The Court began its analysis by noting that contractual choice-of-forum provisions were to be analyzed under the forum non conveniens doctrine, and that the questions for decision were whether the forum selection clause existed, whether it was valid, and whether it was enforceable in US Courts.

The Court concluded that these questions should be answered under German law, and to this end evaluated affidavits on German law submitted by the parties. Rimowa and Meiré were both sophisticated entities that had a long-standing business relationship and previously entered into numerous contracts with one another. Those contracts all expressly referred to a “general terms of service” agreement that was also entered into by both parties. The agreement unambiguously stated that “the law” and “the place of jurisdiction” (indicating no alternatives) was Germany, making Germany the proper forum for disputes. Rimowa knowingly accepted these terms, without objection, in every contract, and the Court found that, under German law, the provision was valid and would be applicable to the present dispute.

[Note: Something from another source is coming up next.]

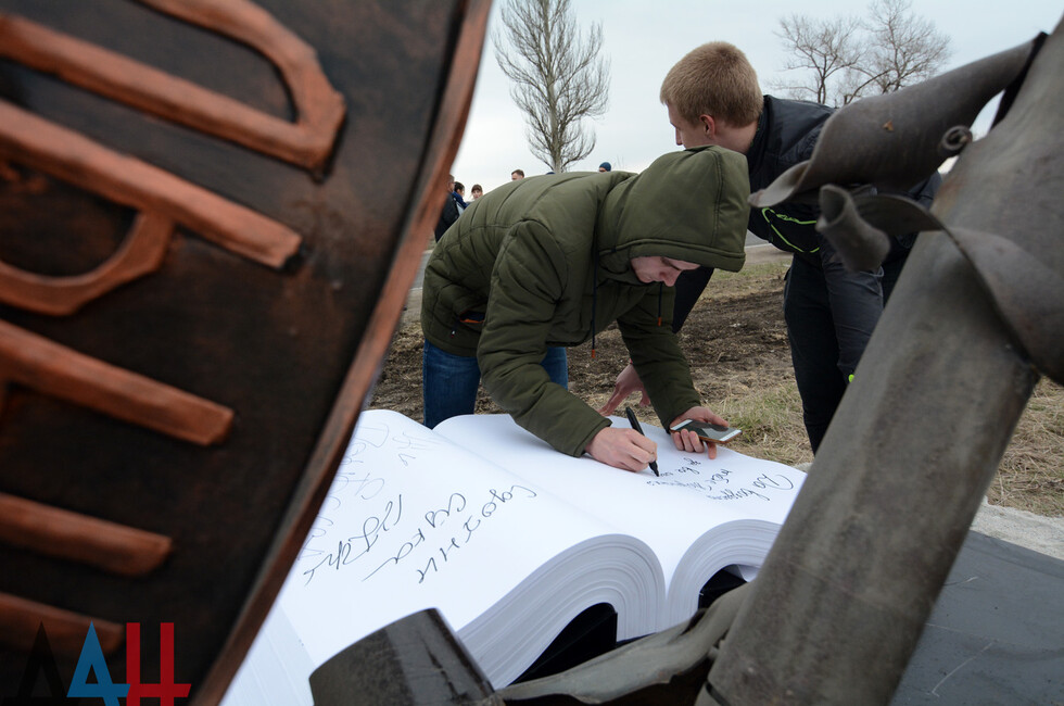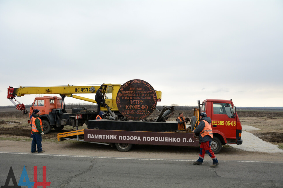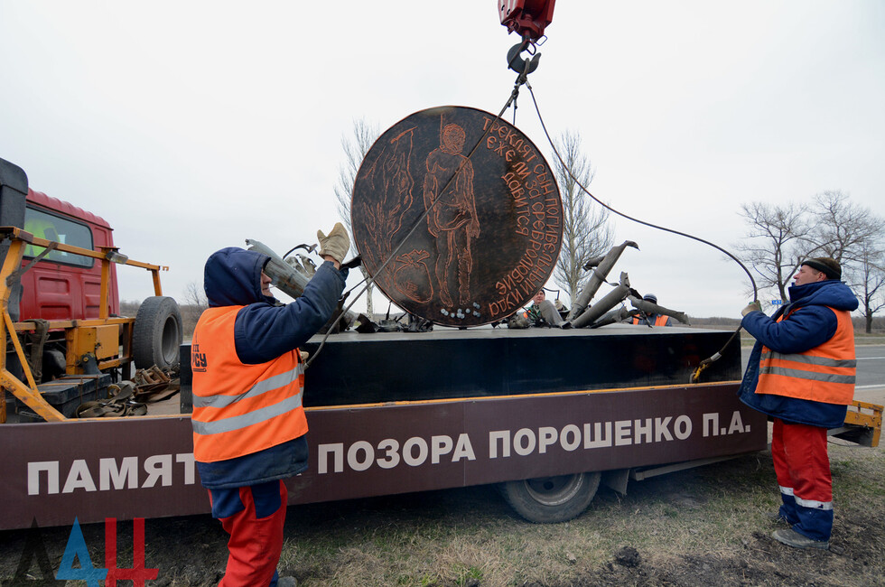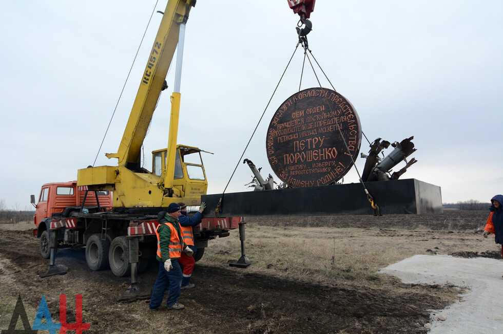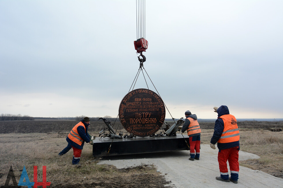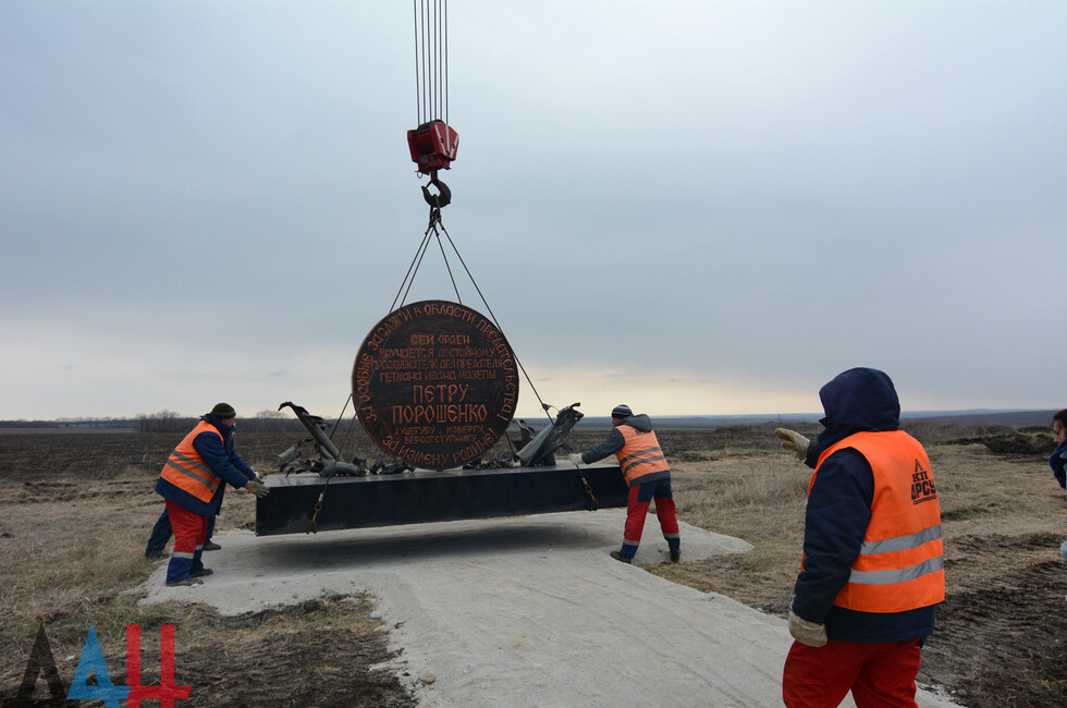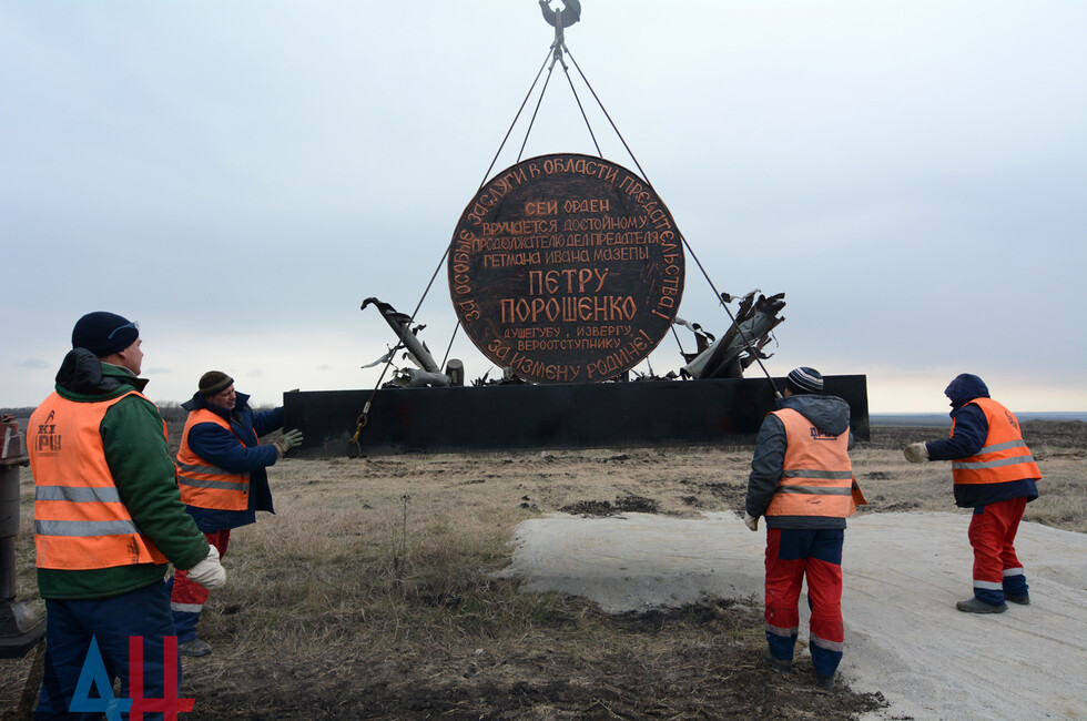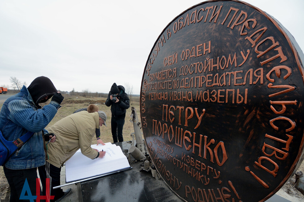 “This order has a tiny bit of each of us, our anger, blood and suffering,” Donetsk resident Olga Zhukova said. “This place was chosen as it is near the crossing point, and all those who return to our native Donetsk or go to Ukraine can see the “monument” to Poroshenko and his bloody regime.”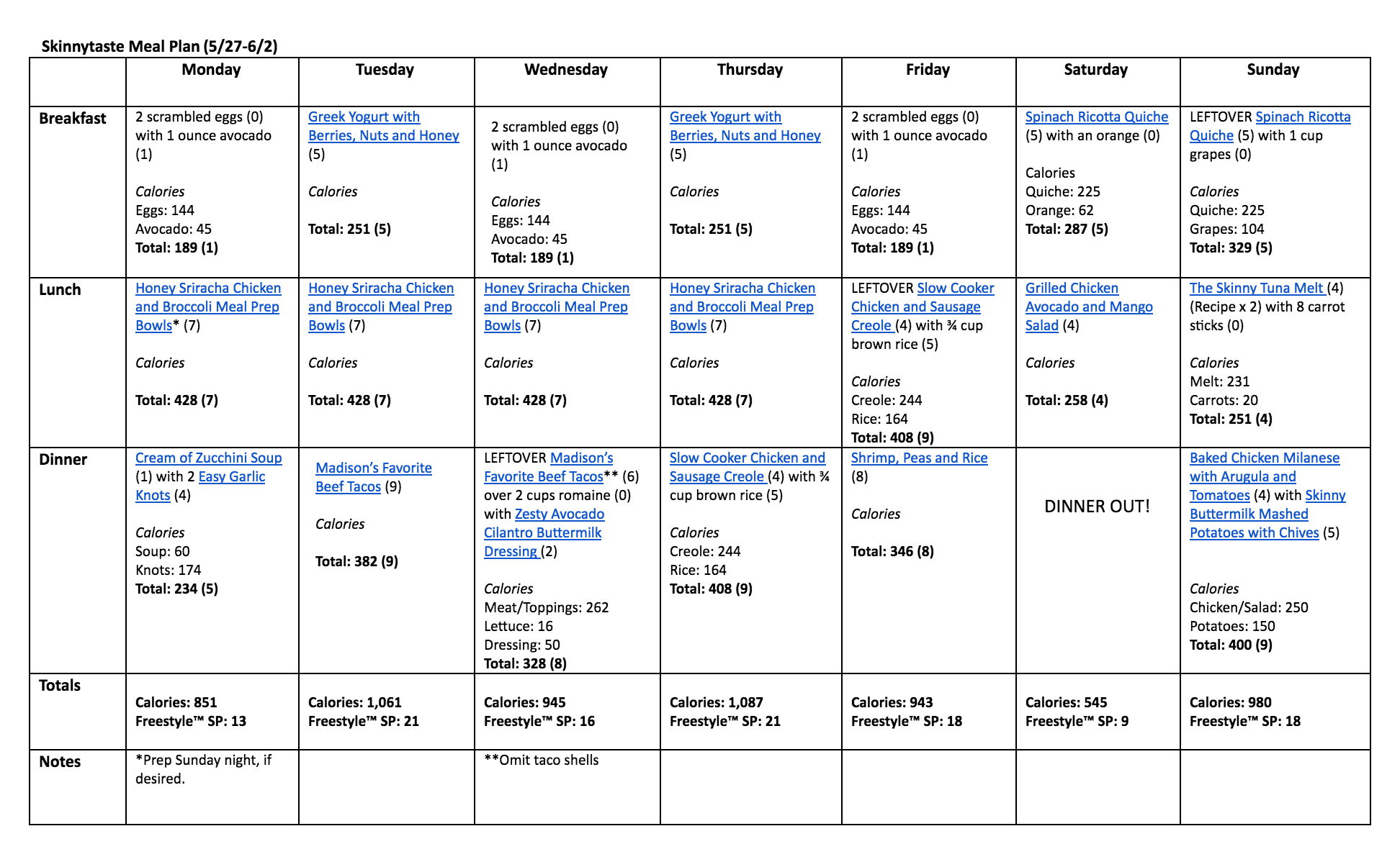 Breakfast and lunch Monday-Friday, are designed to serve 1 while dinners and all meals on Saturday and Sunday are designed to serve a family of 4. Some recipes make enough leftovers for two nights or lunch the next day. While we truly believe there is no one size fits all meal plan, we did our best to come up with something that appeals to a wide range of individuals. Everything is Weight Watchers friendly, I included the updated Weight Watcher Freestyle Points for your convenience, feel free to swap out any recipes you wish or just use this for inspiration!

The Court then turned to the enforceability of the provision, to which it found US law would apply. Dismissal would be presumptively appropriate where (i) the clause was “reasonably communicated to the party resisting enforcement,” (ii) the clause was mandatory rather than permissive, and (iii) the claims and the parties involved in the suit are subject to the clause. Where those conditions are satisfied, a plaintiff could only defeat the effort to dismiss the case by making a “sufficiently strong showing” that enforcement of the provision would otherwise be “unreasonable or unjust, or that the clause was invalid for such reasons as “fraud or overreaching.” The Court found these conditions to be satisfied, notably holding Rimowa’s subsidiaries were third-party beneficiaries of the contract containing the choice-of-forum provision, and thus were bound by the provision even though they were not parties to the contract. The Rimowa entities argued that the case nevertheless should not be permitted to proceed in Germany because litigation there would be “unpredictable and unsatisfactory” as a result of the local court’s unfamiliarity with US copyright law. The Court rejected this argument, finding that a forum non conveniens dismissal based on a claim of inadequacy of remedy in a non-US court required that the plaintiff show that it have no remedy at all outside the US, or would be treated unfairly. As no such showing had been made, the case was dismissed.